From: Marco Cimarosti (marco.cimarosti@essetre.it)
Date: Fri Oct 25 2002 - 12:24:26 EDT

  • Next message: Magda Danish (Unicode): "FW: "Toned" Greek Capital Vocals"

    Marc Wilhelm Küster wrote:
    > At 14:04 25.10.2002 +0200, Kent Karlsson wrote:
    > >Font makers, please do not meddle with the authors intent
    > >(as reflected in the text of the document!). Just as it
    > >is inappropriate for font makers to use an ĝ glyph for ö
    > >(they are "the same", just slightly different derivations
    > >from "o^e"), it is just as inappropriate for font makers to
    > >use a "o^e" glyph for ö (by default in a Unicode font). Though
    > >in some sense the "same" they are still different enough for
    > >authors to care, and it is up to the document author/editor
    > >to decide, not the font maker.
    >
    > My wholehearted support!
    >
    > [...]
    >
    > For this reason it is quite impermissible to render the
    > combining letter small e as a diaeresis

    So far so good. There would be no reason for doing such a thing.

    If the author of a scholarly work used U+0364 (COMBINING LATIN SMALL LETTER
    E), this character should be displayed as either a letter "e" superscript to
    the base letter, or as an empty square (for fonts not caring about that
    character).

    > or, for that matter, the diaeresis as a combining
    > letter small e (however, you see the latter version
    > sometimes, very infrequently, in advertisement).

    This is the case I though we were discussing, and it is a very different
    case.

    Standing Keld's opinion and Marc's wholehearted support, it follows that
    those infrequent advertisements should be encoded using U+0364...

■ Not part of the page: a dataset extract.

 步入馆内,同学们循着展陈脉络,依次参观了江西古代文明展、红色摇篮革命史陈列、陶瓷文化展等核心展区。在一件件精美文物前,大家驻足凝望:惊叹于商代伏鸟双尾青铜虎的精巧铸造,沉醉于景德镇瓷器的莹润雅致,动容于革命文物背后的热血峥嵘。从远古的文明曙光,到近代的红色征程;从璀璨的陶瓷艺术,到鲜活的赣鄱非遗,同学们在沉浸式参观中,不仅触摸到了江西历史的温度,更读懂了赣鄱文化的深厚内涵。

    But U+0364 (COMBINING LATIN SMALL LETTER E) belongs to a small collection of
    "Medieval superscript letter diactrics", which is supposed to "appear
    primarily in medieval Germanic manuscripts", or to reproduce "some usage as
    late as the 19th century in some languages".

    Using such a character to encode 21st century advertisements is doomed to
    cause problems:

    1) The glyph for U+0364 is more likely found in the font collection of the
    Faculty of Germanic Studies that on the PC of people wishing to read the
    advertisement for "Ye Olde Küster Pub". So, most people will be unable to
    view the advertisement correctly.

    2) The designer of the advertisement will be unable to use his spell-checker
    and hyphenator on the advertisement's text.

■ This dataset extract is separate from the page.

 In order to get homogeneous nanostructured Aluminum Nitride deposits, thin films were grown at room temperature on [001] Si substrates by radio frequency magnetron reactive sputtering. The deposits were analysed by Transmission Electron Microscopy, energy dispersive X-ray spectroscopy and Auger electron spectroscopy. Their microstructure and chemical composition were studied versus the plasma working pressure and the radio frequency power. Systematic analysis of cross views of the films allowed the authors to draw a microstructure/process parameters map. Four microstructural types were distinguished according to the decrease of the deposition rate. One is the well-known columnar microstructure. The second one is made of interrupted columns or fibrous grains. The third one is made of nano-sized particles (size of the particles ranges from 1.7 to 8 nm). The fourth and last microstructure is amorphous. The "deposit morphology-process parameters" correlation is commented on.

    3) User's will be unable to find the Küster Pub by searching "Küster" in a
    search engine.

    What will actually happen is that everybody will see an empty square, so
    they'll think that the web designer is an idiot, apart the professors at the
    Faculty of Germanic Studies, who'll think that the designer is an idiot
    because she doesn't know the difference between U+0308 and U+0364 in ancient
    German.

    The real error (IMHO) is the idea that font designers should stick to the
    *sample* glyphs printed on the Unicode book, because this would force
    graphic designer to change the *encoding* of their text in order to get the
    desired result.

    Another big error (IMHO, once again) is the idea that two different Unicode
    characters should look different. The difference must be preserved when it
    is useful -- e.g., U+0308 should not look like U+0364 in a font designed for
    publishing books on the history of German!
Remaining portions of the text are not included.